1. The problem statement, all variables and given/known data

I have two cylindric reels laying on the ground. They are identical: mass M, composed by a cylinder of radius R and two side cylinders of radius 2R. I have to find angular acceleration and work done by F in delta t.

2. The attempt at a solution

On the first cylinder the torque is $\tau_1=3RF-RT$, while on the second is $\tau_2=RT$
as the rope isn't extensible the two cylinders should have the same angular acceleration.
So $\alpha_1=\alpha_2$
$3RF-3RT=RT$
$T=-\frac{3}{2} F$

$\alpha=R/I *3/2 F=\frac{3RF}{2I}$
Angular velocity of cylinder is $\omega = \alpha t = \frac{3RF}{2I} t$.
Kinetic energy of the first cylinder is $1/2 I \omega^2= \frac{9R^2F^2t^2}{8I}$ and this is also the work done by F plus the work done by T on the first cylinder.
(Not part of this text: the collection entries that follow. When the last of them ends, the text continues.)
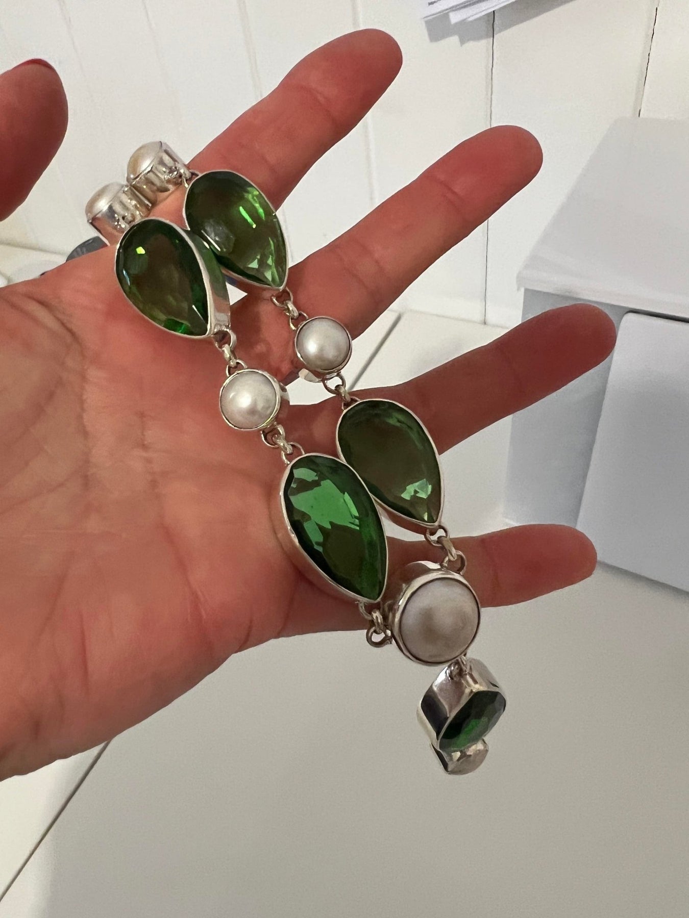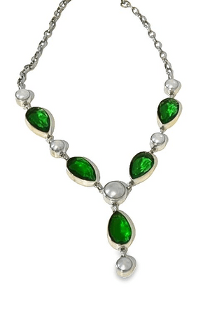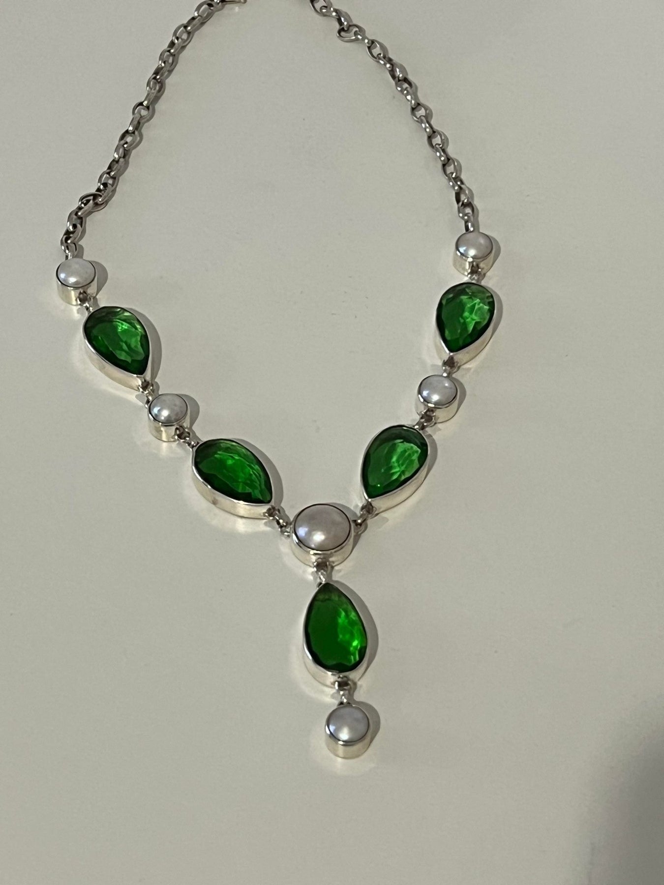 The five teardrop shaped green obsidian 28 x 16 mm gems are flanked by a central large 15mm pearl, forming a Y that sits alluringly at your throat. Each green obsidian is accented by smaller 10 MM diameter pearls, and set in high quality sterling silver. The effect is immediate and complete, with the shimmer of the pearl, the sparkle of the obsidian and the sheen of the silver balancing perfectly.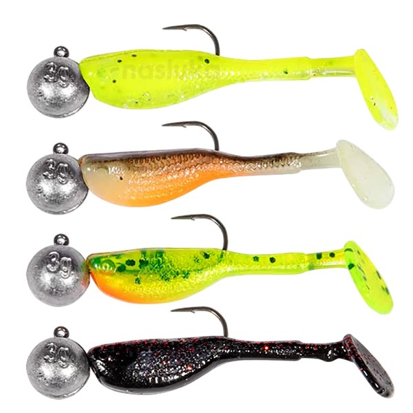 UV покритието усилва видимостта на примамката и в мътна вода, а реалистичният дизайн имитира дребна рибка. Монтираните джиг глави осигуряват перфектна балансировка и движение.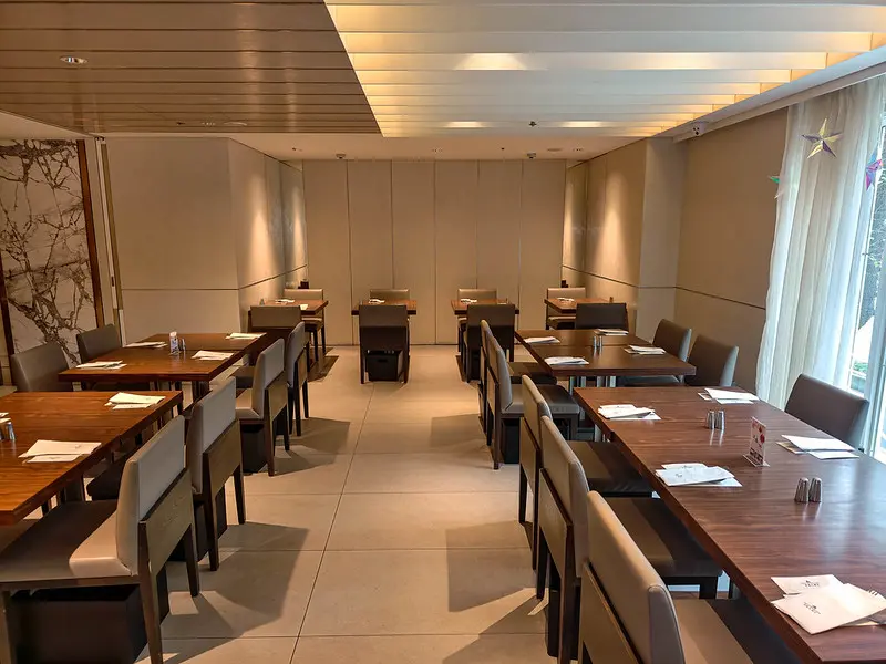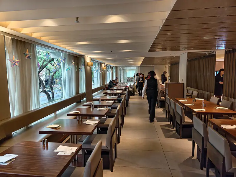 Le Café 的環境是許多老饕喜愛這裡的原因之一。位於二樓的餐廳擁有極佳的採光,透過落地窗可以欣賞中山北路迷人的林蔭景色。雖然座位數不少,但桌距拿捏得宜,不會有一般吃到飽餐廳那種擁擠吵雜的市場感。取餐動線設計為長條形搭配中島區,雖然範圍不大,但動線規劃流暢,補菜速度也相當快。在這裡用餐,你會不自覺地放慢節奏,細細品味每一道料理與優雅的氛圍。

But as $T/F=-3/2$ and they are applied in the same way with respect to the displacement I expect $W_T/W_F=-3/2$ so $W_F=2/5 \Delta K$. Is it correct?
Thanks a lot

2. May 10, 2016

### BvU

Interesting, can you explain ?
The rope can roll up (or off) on the reels, I presume ?
 A bit late, but I get it. Let me sit back and think a little longer before posting

3. May 10, 2016

### bznm

Oh my gosh, you're right.. I'm totally wrong(i don't know why but I considered it as a rod) and I don't know what to do now :/

4. May 10, 2016

### BvU

But the "$\tau_1=3RF−RT$, while on the second is $\tau_2=RT$" is correct. That gives angular acceleration and therefore also (uniformly) accelerated translation

5. May 10, 2016

### bznm

I tried: (where A is friction force)
$F-A-T=M a_1 = M \alpha_1 2R$
$T-A=M a_2 = M \alpha_2 2R$

Subtracting, I get: $F-2T=M(2R)(\alpha_1-\alpha_2)$
$F-2T=M(2R)\frac{3RF-2RT}{I}$
$T=F\frac{1+6MR^2 / I}{2+4MR^2 / I}$

Is it correct?
What about the work? Is it correct my reasoning in applying kinetic energy theorem?